* THE INPUT:
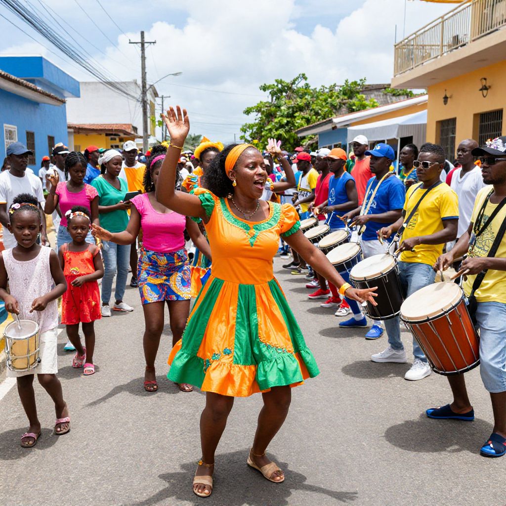 The image depicts a vibrant and lively scene of a Haitian Carnival on a sunny day, filled with joyous dancers and rhythmic drum players. The central figure, a woman adorned in a striking orange and green dress, is the focal point of the celebration. She is surrounded by a lively crowd, including children and adults, all dressed in colorful attire that reflects the festive atmosphere. The drum players, positioned to the right, are energetically striking their instruments, adding to the dynamic energy of the scene. The background features a picturesque street lined with colorful buildings, their bright hues complementing the lively scene. The interplay of colors, textures, and shapes creates a sense of movement and excitement, capturing the essence of a traditional Haitian Carnival.
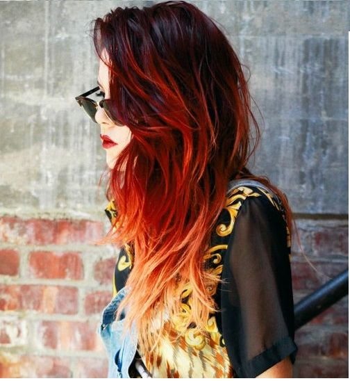 Как ни странно, красный тон универсальный . Такая вариация омбре прекрасно смотрится на темных волосах , но при удачном подборе оттенка делать ее можно на русых и на светлых локонах .
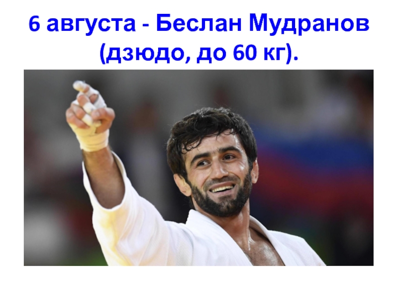 Слайд 286 августа - Беслан Мудранов (дзюдо, до 60 кг).
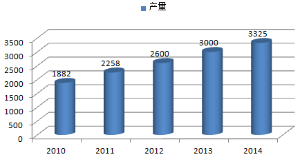 2010-2014中國汽車轉向行業產量(萬套)
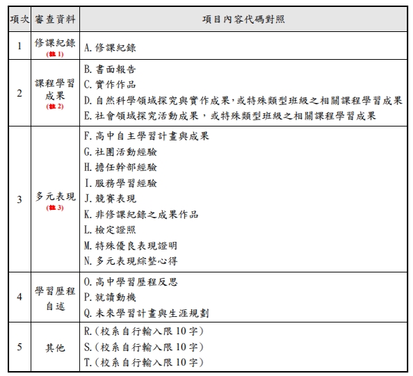 ※正式校系分則仍以紙本為準,原則上現在的內容應該是對的 ※本公告取消置頂後,仍可點上方「升學資訊」查看去年11/16的地方 ※自然組九成五都採計數A少用數B,社會組大多數B,看數A的主要是台大政大北大商科 ※七月分發會採用學測的15級分轉為60級分,且少數科系採計的科目會和個人申請不同(見最下面備註) 目前同學可查看想推的校系是採計那些科目,可下載查看以下的校系分則EXCEL檔: 大學申請分則:請點此 ,或到下方相關網址用甄委會網頁操作 各校限填系數可點此查閱(例如不能六個都填台大,或見簡章學校簡介頁說明) 四技申請分則:請點此 各校是否限填一系可點此查閱(或見簡章學校簡介頁) 大學繁星分則:請點此 本年度繁星總表可點此查閱 (本校繁星的做法可見總表第二頁的說明) 本校推薦作業原則可至教務處註冊組網頁右方查閱 若學校發的繁星初選表弄丟了,可看推薦作業原則的第三頁列印使用 至於繁星初選上網登錄的部份將於2月22日下午開放,建議同學等23日成績出來後再上網登 請於3/1早上8點前完成登錄,登錄兩次以上者會蓋掉前一次的登錄結果,所以要修改的同學重新登錄即可 (但前10%仍以撕榜為準,11~50%同學以紙本為準喔!) 大學分發分則:請點此 112/01/16學校宣講內容可以點選本連結查閱 該影片簡報檔已轉換成PDF檔可下載參考 若有校系同時將學科能力測驗「數學A」、「數學B」訂為其檢定科目,考生僅需通過「數學A」或「數學B」其中一科之檢定標準(五標)即可,且不作為倍率篩選及甄選總分之一。 (英聽不建議作為多元表現的資料,畢竟效力不及英檢與多益) (倍率篩選通常大倍率的科目門檻會較鬆,但倍率小的科目分數就會要求比較嚴格,或許可以用這個查看自身優劣勢科目來看推那六個校系比較穩當) 個申分則中備審資料的要求內容為代碼化,可以比對下圖知道學校要什麼,其中 1.N以後都為三下再自填的內容,而F到M皆為多元表現,雖然分得很細但不會綁定學習歷程的多元分類,例如同學能把多元的競賽表現丟到甄委會的特殊優良表現內 2.自傳為非必要,看各大學是否有列在R以後的地方 3.如果過了一階,部份校系需到該校網站指定處填基本資料表並列印成PDF檔後傳到R以後的地方 ![]() 註一:有幾個7月分發與個人申請要求科目不一致的校系如下: 國立臺灣大學 農業經濟學系 個申學測不用自然但分發要均標 國立臺灣大學 生物機電工程學系 個申學測不用國文但分發要均標 中原大學 國際經營與貿易學系 個申學測不用數b但分發要後標 東吳大學 心理學系 個申學測不用自然但分發要後標 註二:坊間所謂大學分科可低分高就僅限中後段的校系,目標在台清交政成醫的頂尖校系者仍要憑實力上無所謂分科有優勢;若學測國英沒考好的同學多考量個申時的優勢,畢竟分科不會重考國英以及社會組數學 |
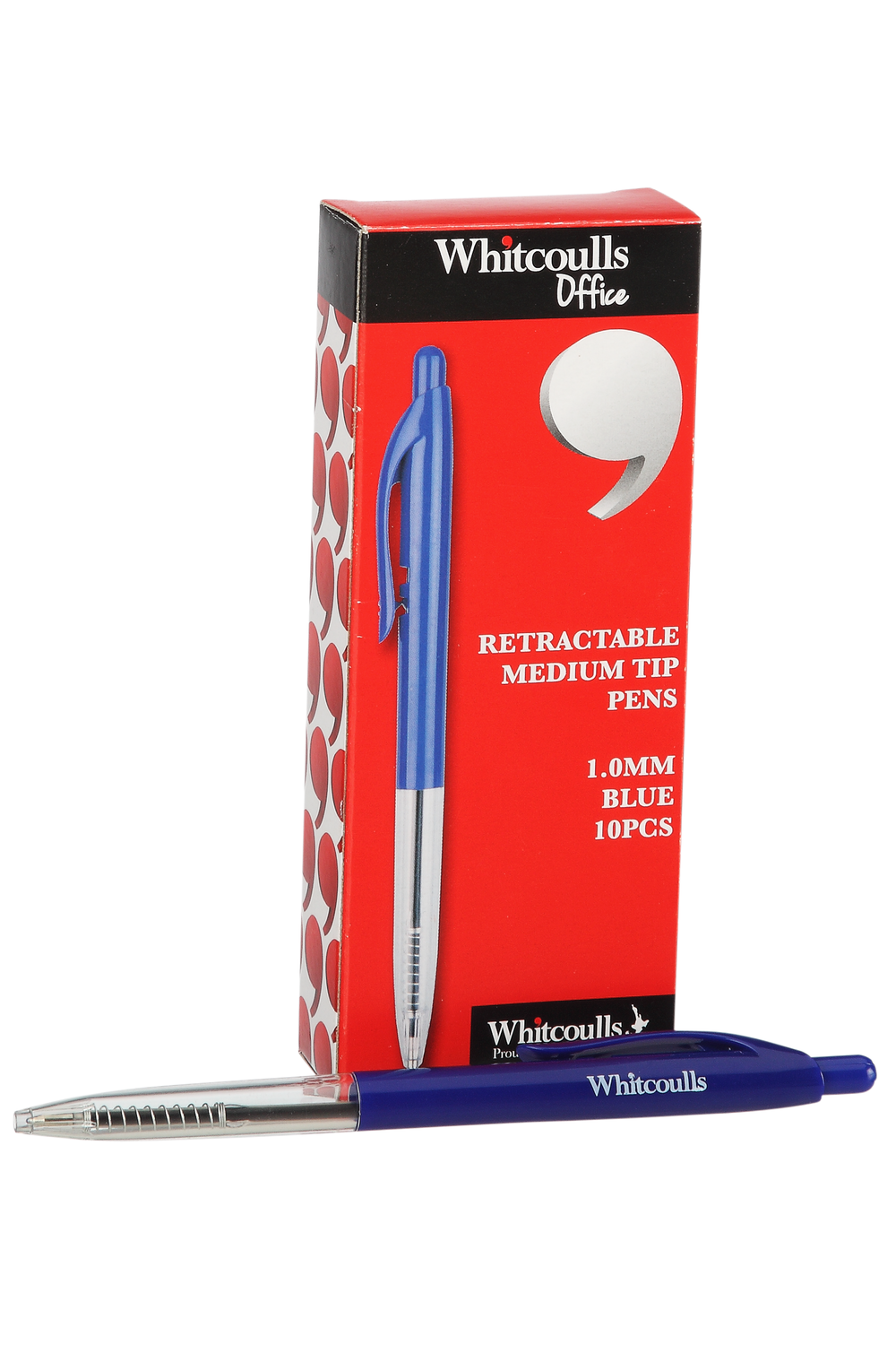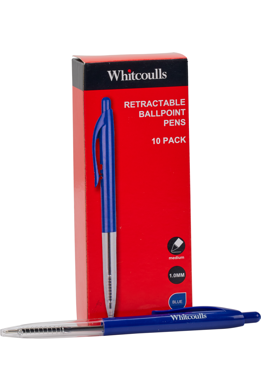 A box of 10 Whitcoulls-branded retractable ballpoint pens in blue. Nib measures 1.0mm for a medium tip and smooth writing experience. Pen barrel and ink come in blue.

* PROBLEM STATEMENT: Every line of the listing must be reproduced exactly, though the pictures are to be left out.

* TASK RESULT:
 The image depicts a vibrant and lively scene of a Haitian Carnival on a sunny day, filled with joyous dancers and rhythmic drum players. The central figure, a woman adorned in a striking orange and green dress, is the focal point of the celebration. She is surrounded by a lively crowd, including children and adults, all dressed in colorful attire that reflects the festive atmosphere. The drum players, positioned to the right, are energetically striking their instruments, adding to the dynamic energy of the scene. The background features a picturesque street lined with colorful buildings, their bright hues complementing the lively scene. The interplay of colors, textures, and shapes creates a sense of movement and excitement, capturing the essence of a traditional Haitian Carnival.
 Как ни странно, красный тон универсальный . Такая вариация омбре прекрасно смотрится на темных волосах , но при удачном подборе оттенка делать ее можно на русых и на светлых локонах .
 Слайд 286 августа - Беслан Мудранов (дзюдо, до 60 кг).
 2010-2014中國汽車轉向行業產量(萬套)
 ※正式校系分則仍以紙本為準,原則上現在的內容應該是對的 ※本公告取消置頂後,仍可點上方「升學資訊」查看去年11/16的地方 ※自然組九成五都採計數A少用數B,社會組大多數B,看數A的主要是台大政大北大商科 ※七月分發會採用學測的15級分轉為60級分,且少數科系採計的科目會和個人申請不同(見最下面備註) 目前同學可查看想推的校系是採計那些科目,可下載查看以下的校系分則EXCEL檔: 大學申請分則:請點此 ,或到下方相關網址用甄委會網頁操作 各校限填系數可點此查閱(例如不能六個都填台大,或見簡章學校簡介頁說明) 四技申請分則:請點此 各校是否限填一系可點此查閱(或見簡章學校簡介頁) 大學繁星分則:請點此 本年度繁星總表可點此查閱 (本校繁星的做法可見總表第二頁的說明) 本校推薦作業原則可至教務處註冊組網頁右方查閱 若學校發的繁星初選表弄丟了,可看推薦作業原則的第三頁列印使用 至於繁星初選上網登錄的部份將於2月22日下午開放,建議同學等23日成績出來後再上網登 請於3/1早上8點前完成登錄,登錄兩次以上者會蓋掉前一次的登錄結果,所以要修改的同學重新登錄即可 (但前10%仍以撕榜為準,11~50%同學以紙本為準喔!) 大學分發分則:請點此 112/01/16學校宣講內容可以點選本連結查閱 該影片簡報檔已轉換成PDF檔可下載參考 若有校系同時將學科能力測驗「數學A」、「數學B」訂為其檢定科目,考生僅需通過「數學A」或「數學B」其中一科之檢定標準(五標)即可,且不作為倍率篩選及甄選總分之一。 (英聽不建議作為多元表現的資料,畢竟效力不及英檢與多益) (倍率篩選通常大倍率的科目門檻會較鬆,但倍率小的科目分數就會要求比較嚴格,或許可以用這個查看自身優劣勢科目來看推那六個校系比較穩當) 個申分則中備審資料的要求內容為代碼化,可以比對下圖知道學校要什麼,其中 1.N以後都為三下再自填的內容,而F到M皆為多元表現,雖然分得很細但不會綁定學習歷程的多元分類,例如同學能把多元的競賽表現丟到甄委會的特殊優良表現內 2.自傳為非必要,看各大學是否有列在R以後的地方 3.如果過了一階,部份校系需到該校網站指定處填基本資料表並列印成PDF檔後傳到R以後的地方 ![]() 註一:有幾個7月分發與個人申請要求科目不一致的校系如下: 國立臺灣大學 農業經濟學系 個申學測不用自然但分發要均標 國立臺灣大學 生物機電工程學系 個申學測不用國文但分發要均標 中原大學 國際經營與貿易學系 個申學測不用數b但分發要後標 東吳大學 心理學系 個申學測不用自然但分發要後標 註二:坊間所謂大學分科可低分高就僅限中後段的校系,目標在台清交政成醫的頂尖校系者仍要憑實力上無所謂分科有優勢;若學測國英沒考好的同學多考量個申時的優勢,畢竟分科不會重考國英以及社會組數學 |
 A box of 10 Whitcoulls-branded retractable ballpoint pens in blue. Nib measures 1.0mm for a medium tip and smooth writing experience. Pen barrel and ink come in blue.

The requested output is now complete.